The soluble protein knowledge base could provide a rich source of information for membrane proteins as soluble proteins have generally been studied more extensively. Consistent with this history, only 26% of membrane protein domains that we found to align to soluble domains have annotated biochemical functions (109 of 414 proteins). In contrast, 72% (13,044 of 17,972 proteins) of soluble proteins that share domain structure with membrane proteins have domain annotation in the aligned regions (Figure 4C).
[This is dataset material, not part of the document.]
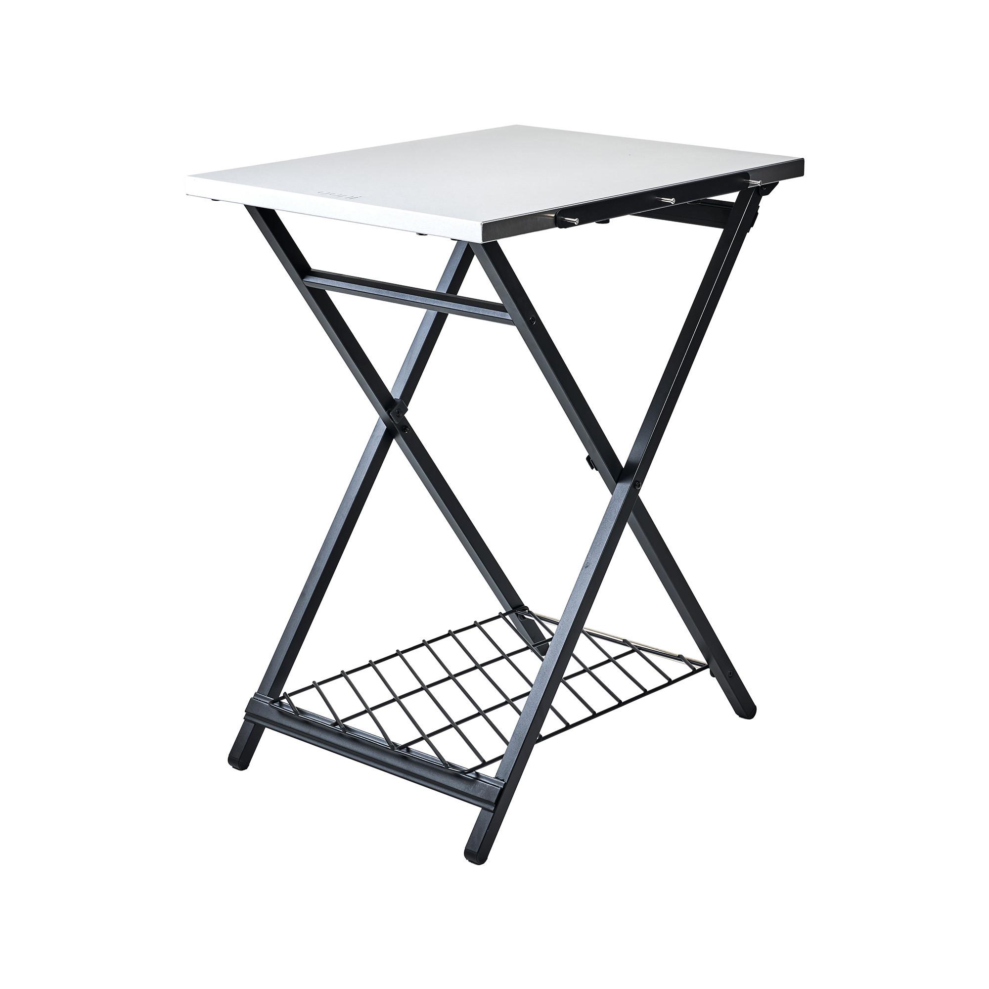Dieser Klapptisch ist mit allen Ooni Öfen kompatibel und verfügt über eine professionelle Arbeitsfläche aus Edelstahl, einen pulverbeschichteten Rahmen aus Karbonstahl, eine integrierte Ablage und einen Werkzeughalter mit Haken.

A common structure does not always imply a common function, however, so we examined the degree to which functional annotations might be transferrable from soluble proteins to membrane protein extracellular domains. To test the possibility of functional overlaps, we asked whether residues known to be critical for function were conserved in the structurally aligned pairs. For proteins with catalytic residues defined in the Catalytic Site Atlas (CSA) database [15] we found that 56% (114 of 211 proteins) of aligned structures share identical functional residues (Figure 5A). For example, the functional residues of bovine heart phosphotyrosyl phosphatase (soluble protein) are found to be conserved in envelope structure-factor (membrane protein), although their sequence identity is only 4.7% over 116 residues (Figure 5B). Bovine heart phosphotyrosyl phosphatase has a tyrosine phosphatase domain with the catalytic site residues, Cys12 and Cys17. Envelope structure-factor currently has no domain annotation, but the conserved catalytic sites as well as the aligned domain structures suggest that they may share a general biochemical function. Also, Penicillin-binding protein (membrane protein) and Oxa-10 β-lactamase (soluble protein) share identical functional residues although they only share 13.2% overall sequence identity over 218 residues (Figure 5C). Both apparently interact with β-lactam antibiotics. These results suggest that structure-guided alignments between membrane and soluble proteins can be useful for inferring unknown functions of extra-membrane domains.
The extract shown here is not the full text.